Records to use »
════════════════

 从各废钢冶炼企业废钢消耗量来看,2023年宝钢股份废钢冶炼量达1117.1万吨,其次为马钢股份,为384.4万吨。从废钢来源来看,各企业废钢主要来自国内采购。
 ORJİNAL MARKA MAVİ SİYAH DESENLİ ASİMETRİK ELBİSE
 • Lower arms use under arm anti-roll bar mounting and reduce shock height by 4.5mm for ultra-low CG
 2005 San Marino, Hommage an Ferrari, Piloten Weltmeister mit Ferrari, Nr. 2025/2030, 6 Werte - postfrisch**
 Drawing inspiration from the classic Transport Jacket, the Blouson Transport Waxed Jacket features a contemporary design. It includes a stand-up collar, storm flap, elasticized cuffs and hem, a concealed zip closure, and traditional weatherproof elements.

════════════════

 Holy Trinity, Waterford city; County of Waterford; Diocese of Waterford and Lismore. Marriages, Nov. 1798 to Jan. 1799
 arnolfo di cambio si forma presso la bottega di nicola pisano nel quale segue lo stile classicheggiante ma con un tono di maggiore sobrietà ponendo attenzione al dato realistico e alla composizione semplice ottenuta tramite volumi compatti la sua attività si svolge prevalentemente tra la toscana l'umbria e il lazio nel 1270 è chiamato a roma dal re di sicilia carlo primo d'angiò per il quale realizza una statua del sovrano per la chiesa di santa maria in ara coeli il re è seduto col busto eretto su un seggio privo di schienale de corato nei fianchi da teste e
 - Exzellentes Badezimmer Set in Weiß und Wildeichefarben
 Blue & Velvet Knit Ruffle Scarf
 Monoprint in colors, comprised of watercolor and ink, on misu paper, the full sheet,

════════════════

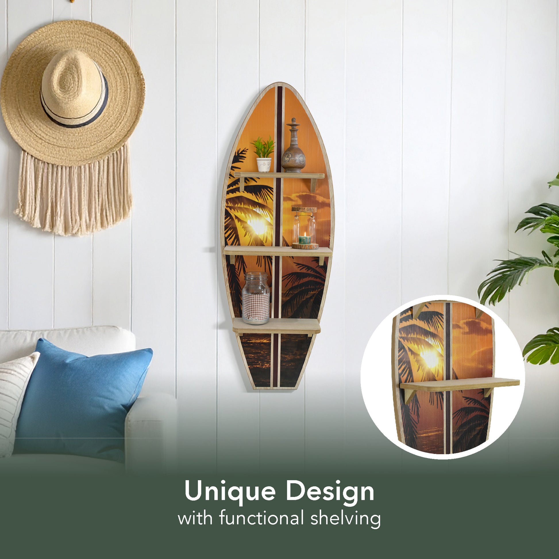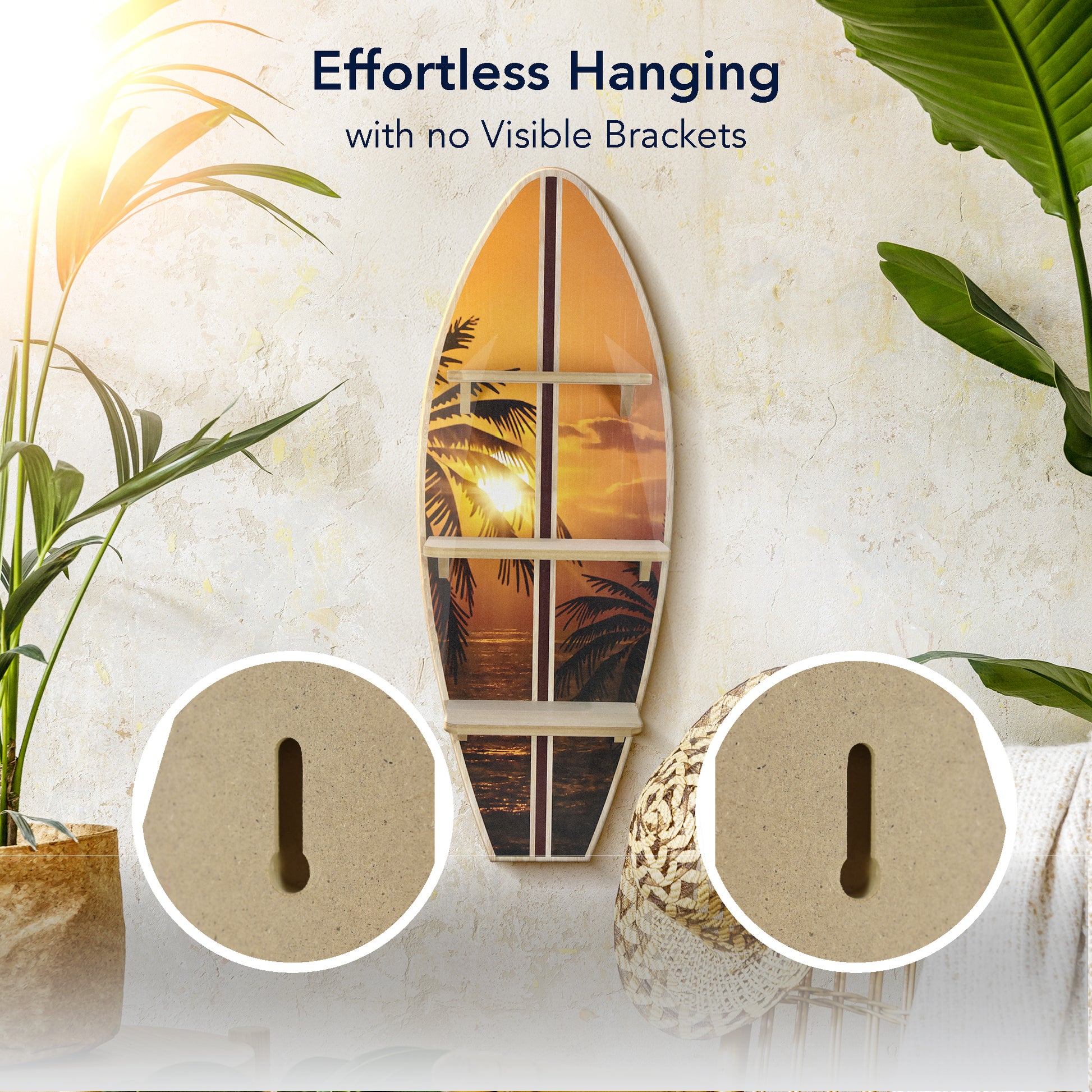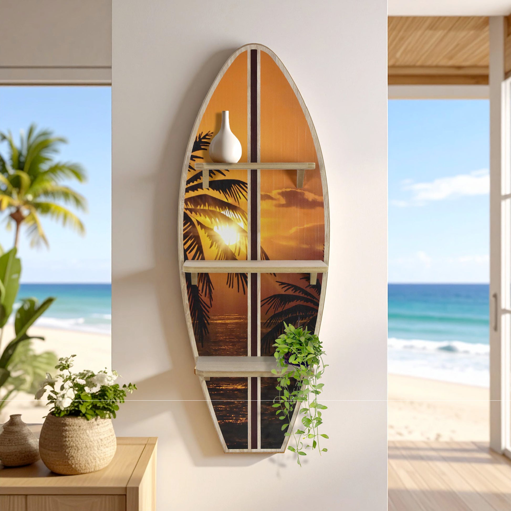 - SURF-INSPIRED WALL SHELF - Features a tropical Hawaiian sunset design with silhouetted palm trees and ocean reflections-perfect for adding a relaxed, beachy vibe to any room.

════════════════

About this exercise » The answer is the lines above between the line holding "- Exzellentes Badezimmer" and the line holding "Monoprint in colors, comprised", inclusive, each written out exactly, and no others.

Expected output »
 - Exzellentes Badezimmer Set in Weiß und Wildeichefarben
 Blue & Velvet Knit Ruffle Scarf
 Monoprint in colors, comprised of watercolor and ink, on misu paper, the full sheet,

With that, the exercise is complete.